Вертинского полюбили и простые люди. Есть свидетельства, что его песни пели даже в лагерях. Срабатывал мощный контраст. Лиловый аббат, китайчонок Ли, принцесса Ирэн, юные пажи словно бы подмигивали комсомольцам, «ворошиловским стрелкам», зэкам и значкистам ГТО: «Знайте, ребята, есть другой мир. Есть синий и далекий океан, есть бананово-лимонный Сингапур. На свете много превосходных вещей, помимо соцсоревнования, пленумов Политбюро, кумачовых лозунгов и очередей за хлебом и мануфактурой». Для простых людей существование Вертинского и Лещенко было главным свидетельством об эмиграции, о второй России.
2. Закупорить СССР не удается
Коллективизация, «добровольно-принудительный» труд, высылки в холодные края – все это дало огромный урожай попыток бежать через советскую границу. Рабочие и крестьянские парни, не знавшие никаких языков, твердо верили, что стоит оказаться на той стороне, как тут же найдется русский, который переведет, объяснит, поможет.
До февраля 1936 г. через Торгсин можно было купить (за 500 руб. в золотом эквиваленте) заграничный паспорт, дававший возможность законно уехать насовсем. Такие паспорта обычно покупали зарубежные родственники, чтобы вызволить своих. Рассказы о выезжающих жадно передавались из уст в уста, вокруг них складывался целый фольклор. Отъезды были лучшим свидетельством: «нашим» за границей живется неизмеримо лучше, чем нам здесь.
Пока не опубликованы данные по перебежчикам. Интересно, что бежали не только из «государства рабочих и крестьян», бежали и в него – простые люди, изредка наивные идеалисты. Из Финляндии границу переходили преимущественно карелы, из Эстонии и Латвии (с Литвой до 1939 г. общей границы не было) – молодые русские, из Польши и Бессарабии – русские, белорусы, украинцы, молдаване, евреи, из Синьцзяна и Маньчжурии – казаки. Переходили в надежде отыскать утерянных родственников, безработные рассчитывали найти работу, юношей и девушек привлекало бесплатное образование. Это были стихийные репатрианты. Большинство получало разрешение остаться в СССР, но слишком увлеченные рассказы о жизни «за бугром» закончились для многих пулей в затылок (постановление Политбюро ЦК ВКП(б) «О мерах, ограждающих СССР от проникновения шпионских, террористических и диверсионных элементов» от 9 марта 1936 г., директивы НКВД о бывших перебежчиках от 17 августа 1937 г., 30 ноября 1937 г. и др.). К счастью, все же не для всех. Вдобавок слова и идеи подобны монетам – будучи однажды выпущены в обращение, они уже никогда не могут быть изъяты полностью, это вам подтвердит любой нумизмат.

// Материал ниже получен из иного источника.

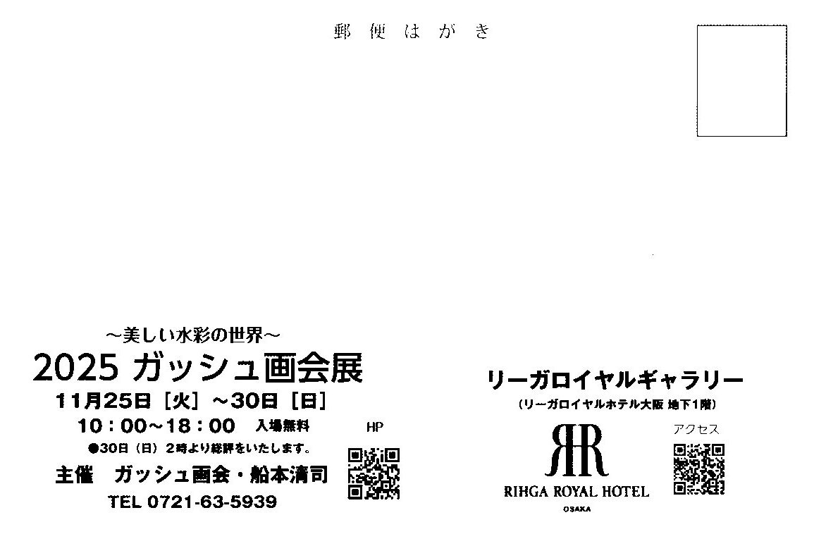 2025年は11月25日(火)~11月30日(日)の6日間、午前10時~午後6時、毎年開催しているガッシュ画を受講されている大阪・千葉・名古屋・神戸生徒さんの作品展です。

Не исключено, что окажется во многом неожиданной, когда будет опубликована, и статистика легальных въездов и выездов. Практически не изучены активные действия эмиграции в СССР. Советские «труды» вроде «Крушения антисоветского подполья в СССР» (1980) Давида Голенкова не могут быть приняты всерьез.
В подготовленной «Мемориалом» книге «Расстрельные списки. Коммунарка, Бутово, 1937–1941» (М.: Мемориал, Звенья, 2000) на с. 274 фигурирует Константин Константинович Метелкин, 1915 г. р. (уроженец Томска, русский, беспартийный, образование низшее, курсант автошколы, адрес: Москва, Каланчевская, 21, общежитие), расстрелянный 16 июня 1938 по приговору Военной коллегии Верховного суда СССР. Обвинение: членство в «к. – р. организации Народно-трудовой союз нового поколения» (позднейший НТС). Это случайно попавшая на глаза фамилия. Невероятно, чтобы Метелкин был единственным, кому было предъявлено такое обвинение.
Принять его в НТС мог только эмиссар этой организации. Они проникали в СССР с конца 20-х гг. через польскую и румынскую границы, это называлось «ходить по зеленой тропе». Проведя в СССР по нескольку месяцев, они возвращались обратно, не замеченные грозным НКВД. Но что они делали в стране? По рассказам, в архиве НТС во Франкфурте хранятся магнитные ленты с подробными отчетами об этих путешествиях ветеранов НТС Околовича, Трушновича, Колкова и других, надиктованные ими в 60-е гг. и до сих пор вроде бы не расшифрованные (информация нуждается в проверке). Эти скрипты могли бы бросить новый и, не исключено, неожиданный свет на деятельность русской эмиграции в СССР и на подсоветскую жизнь вообще.